## Raw data
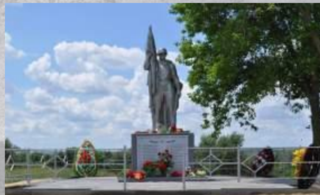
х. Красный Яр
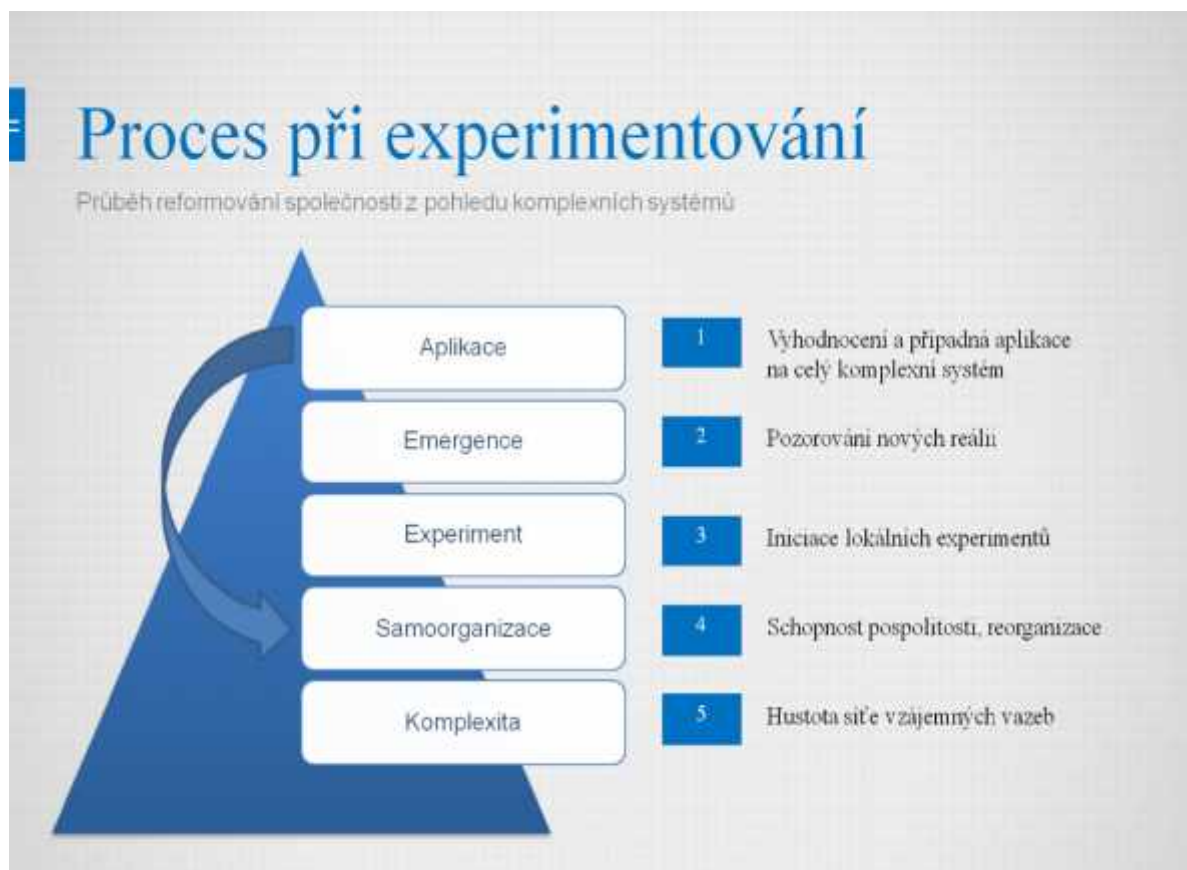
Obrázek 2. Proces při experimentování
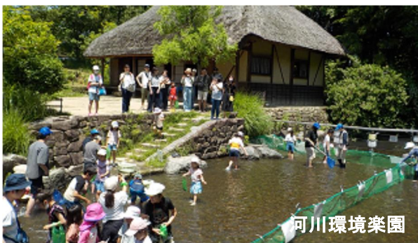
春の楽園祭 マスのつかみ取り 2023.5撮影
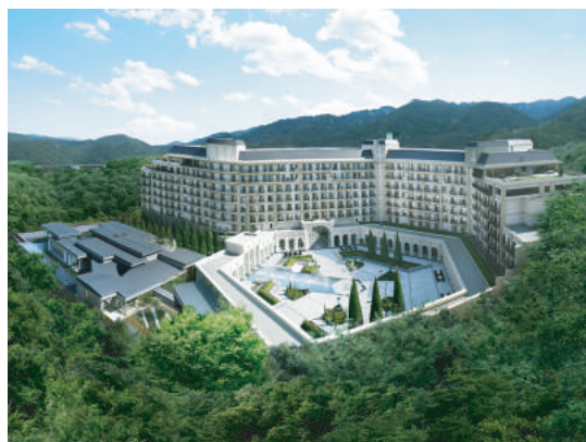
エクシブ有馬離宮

* * *

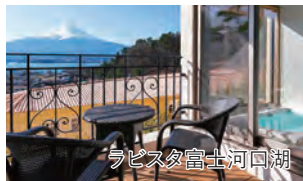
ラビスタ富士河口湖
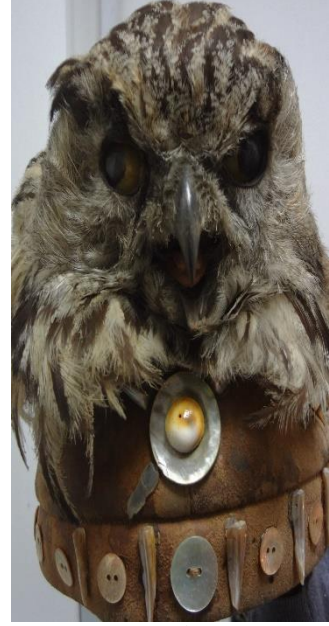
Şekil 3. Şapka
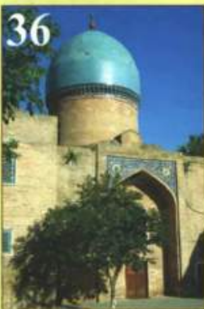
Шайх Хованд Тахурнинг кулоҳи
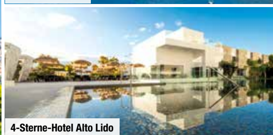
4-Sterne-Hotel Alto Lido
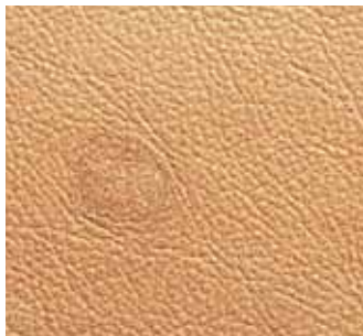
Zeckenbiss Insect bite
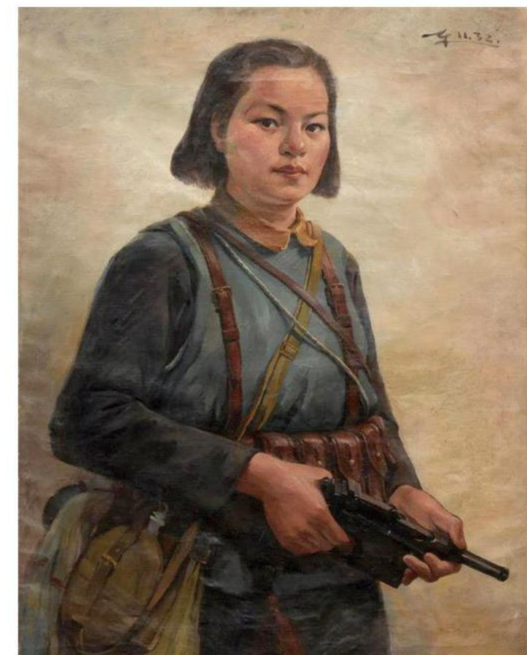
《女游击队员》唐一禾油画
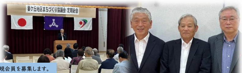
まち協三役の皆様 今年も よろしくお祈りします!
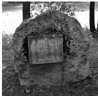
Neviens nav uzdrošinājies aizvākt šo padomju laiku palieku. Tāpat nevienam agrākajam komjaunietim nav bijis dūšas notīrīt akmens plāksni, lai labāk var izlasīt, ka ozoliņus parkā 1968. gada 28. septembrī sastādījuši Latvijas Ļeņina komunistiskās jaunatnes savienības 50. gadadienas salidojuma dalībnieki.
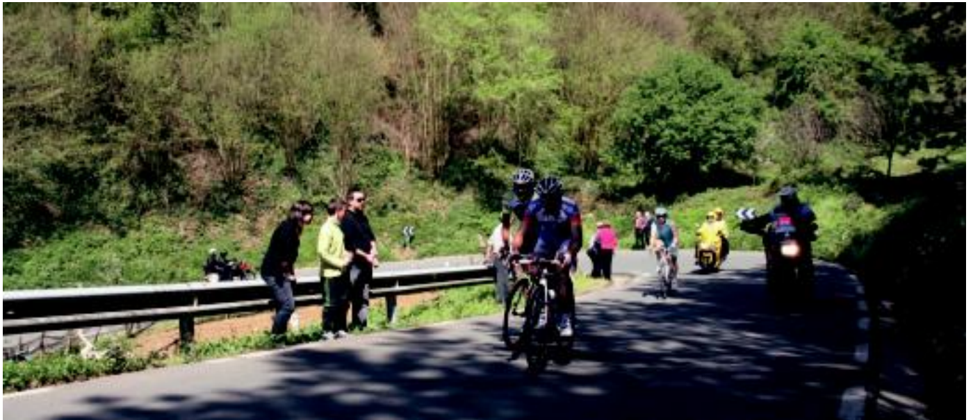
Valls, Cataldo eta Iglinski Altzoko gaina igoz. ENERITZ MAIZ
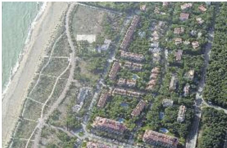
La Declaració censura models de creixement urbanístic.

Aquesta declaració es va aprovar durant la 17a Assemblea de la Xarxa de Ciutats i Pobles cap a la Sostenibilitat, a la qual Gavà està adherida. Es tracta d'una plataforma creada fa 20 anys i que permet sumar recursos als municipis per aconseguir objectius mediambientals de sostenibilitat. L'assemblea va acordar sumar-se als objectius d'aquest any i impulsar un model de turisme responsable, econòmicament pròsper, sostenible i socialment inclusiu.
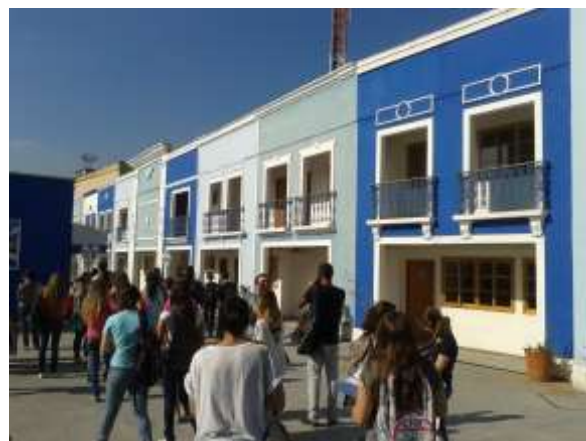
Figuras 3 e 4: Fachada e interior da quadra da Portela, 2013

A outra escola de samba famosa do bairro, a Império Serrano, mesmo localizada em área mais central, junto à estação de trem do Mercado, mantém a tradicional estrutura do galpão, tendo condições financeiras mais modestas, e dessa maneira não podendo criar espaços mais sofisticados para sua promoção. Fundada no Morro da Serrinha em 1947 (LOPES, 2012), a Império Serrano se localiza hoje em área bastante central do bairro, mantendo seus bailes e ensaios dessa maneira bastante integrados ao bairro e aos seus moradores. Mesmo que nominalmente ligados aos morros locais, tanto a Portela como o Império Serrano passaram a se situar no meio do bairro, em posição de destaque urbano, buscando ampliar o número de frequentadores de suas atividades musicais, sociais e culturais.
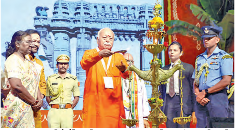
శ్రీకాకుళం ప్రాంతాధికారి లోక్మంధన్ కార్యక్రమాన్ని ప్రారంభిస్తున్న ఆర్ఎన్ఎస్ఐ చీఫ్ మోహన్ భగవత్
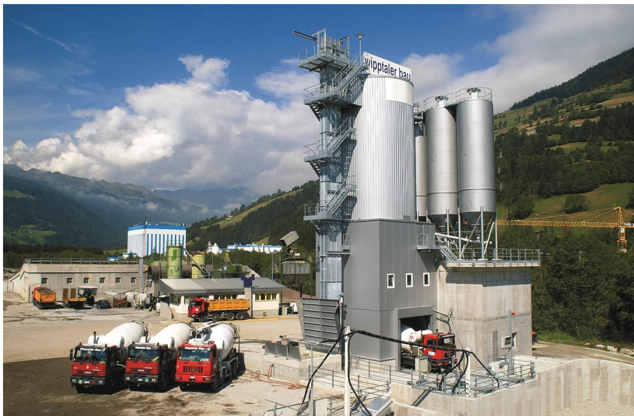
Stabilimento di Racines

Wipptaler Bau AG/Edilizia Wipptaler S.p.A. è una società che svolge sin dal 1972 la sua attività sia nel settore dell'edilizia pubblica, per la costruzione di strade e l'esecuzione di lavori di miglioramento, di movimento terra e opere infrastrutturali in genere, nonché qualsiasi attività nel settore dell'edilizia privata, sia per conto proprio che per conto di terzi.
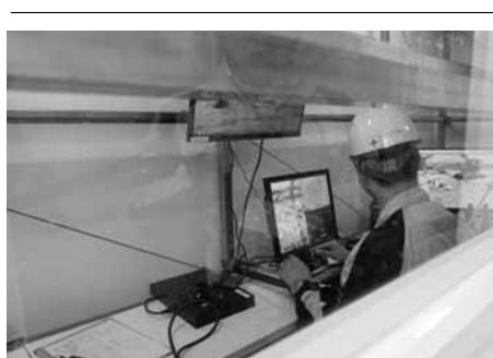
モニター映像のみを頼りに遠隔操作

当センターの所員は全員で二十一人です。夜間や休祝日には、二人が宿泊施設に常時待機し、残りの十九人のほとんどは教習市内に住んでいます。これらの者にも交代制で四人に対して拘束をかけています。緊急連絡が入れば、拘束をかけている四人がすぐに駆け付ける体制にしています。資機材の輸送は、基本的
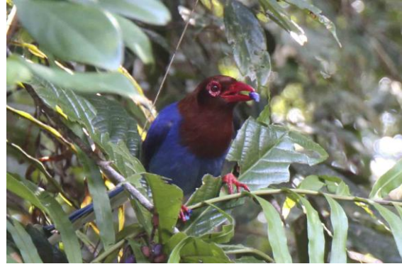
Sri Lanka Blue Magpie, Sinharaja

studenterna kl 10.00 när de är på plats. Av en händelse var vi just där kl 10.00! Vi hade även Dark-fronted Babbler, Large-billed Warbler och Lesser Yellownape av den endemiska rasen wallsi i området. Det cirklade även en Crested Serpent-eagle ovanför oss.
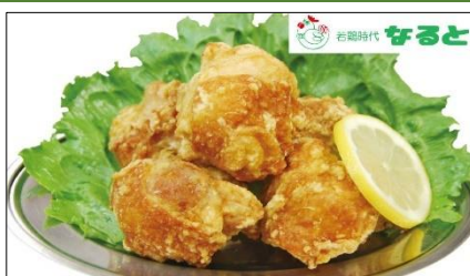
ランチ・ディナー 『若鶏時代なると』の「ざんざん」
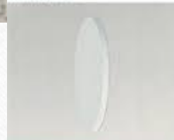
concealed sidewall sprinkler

==

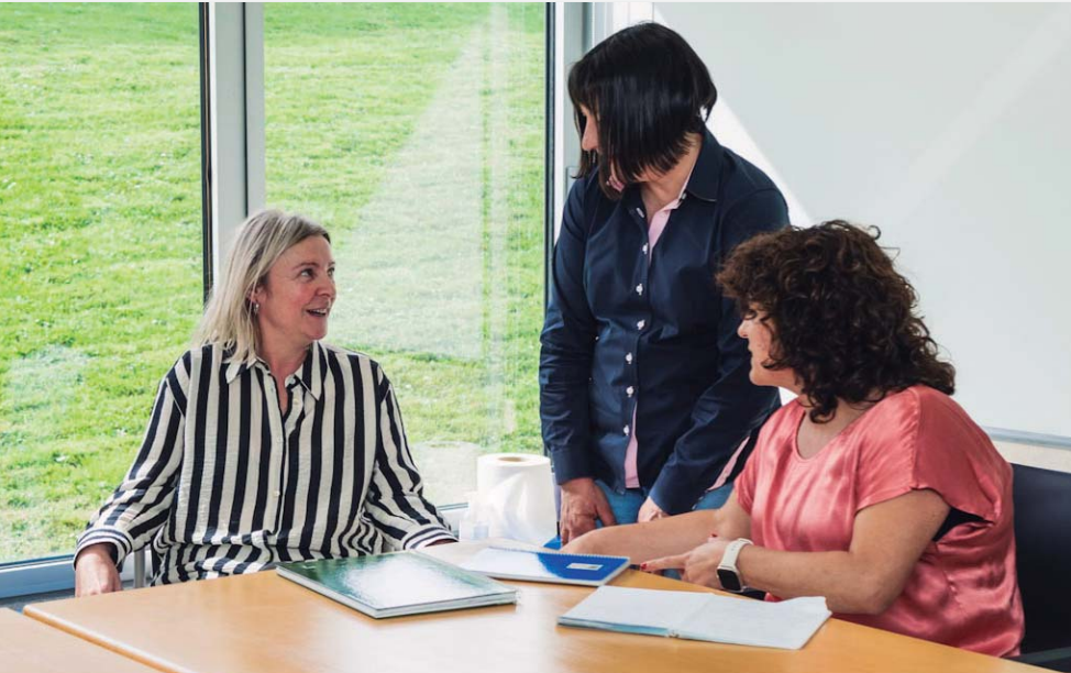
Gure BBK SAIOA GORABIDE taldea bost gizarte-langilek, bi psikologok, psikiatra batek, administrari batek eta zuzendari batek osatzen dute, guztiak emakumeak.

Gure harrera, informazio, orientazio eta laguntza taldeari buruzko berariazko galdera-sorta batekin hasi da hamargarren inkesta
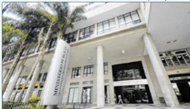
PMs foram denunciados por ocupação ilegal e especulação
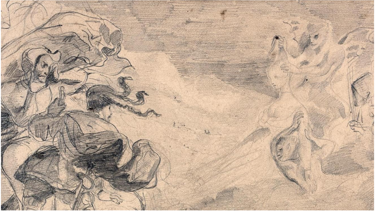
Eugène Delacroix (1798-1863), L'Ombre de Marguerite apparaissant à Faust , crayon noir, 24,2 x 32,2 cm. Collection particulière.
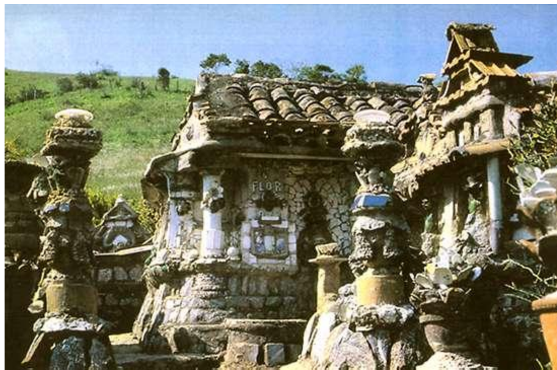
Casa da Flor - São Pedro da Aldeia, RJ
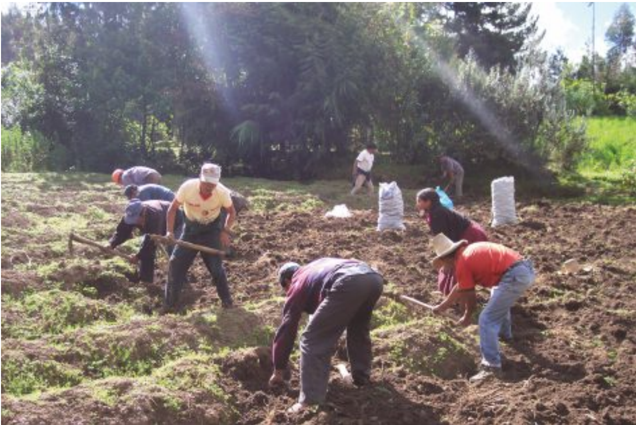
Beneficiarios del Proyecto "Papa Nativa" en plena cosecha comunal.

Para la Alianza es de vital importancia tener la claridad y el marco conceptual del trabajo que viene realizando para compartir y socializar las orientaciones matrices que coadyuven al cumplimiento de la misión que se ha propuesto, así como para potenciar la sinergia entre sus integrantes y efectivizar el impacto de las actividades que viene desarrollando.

## Task item
Would you transcribe the lines above exactly, going from the line bearing "Sri Lanka Blue Magpie, Sinharaja" through the line bearing "concealed sidewall sprinkler", and drop the pictures from the copy?

## Answer for the task
Sri Lanka Blue Magpie, Sinharaja

studenterna kl 10.00 när de är på plats. Av en händelse var vi just där kl 10.00! Vi hade även Dark-fronted Babbler, Large-billed Warbler och Lesser Yellownape av den endemiska rasen wallsi i området. Det cirklade även en Crested Serpent-eagle ovanför oss.
ランチ・ディナー 『若鶏時代なると』の「ざんざん」
concealed sidewall sprinkler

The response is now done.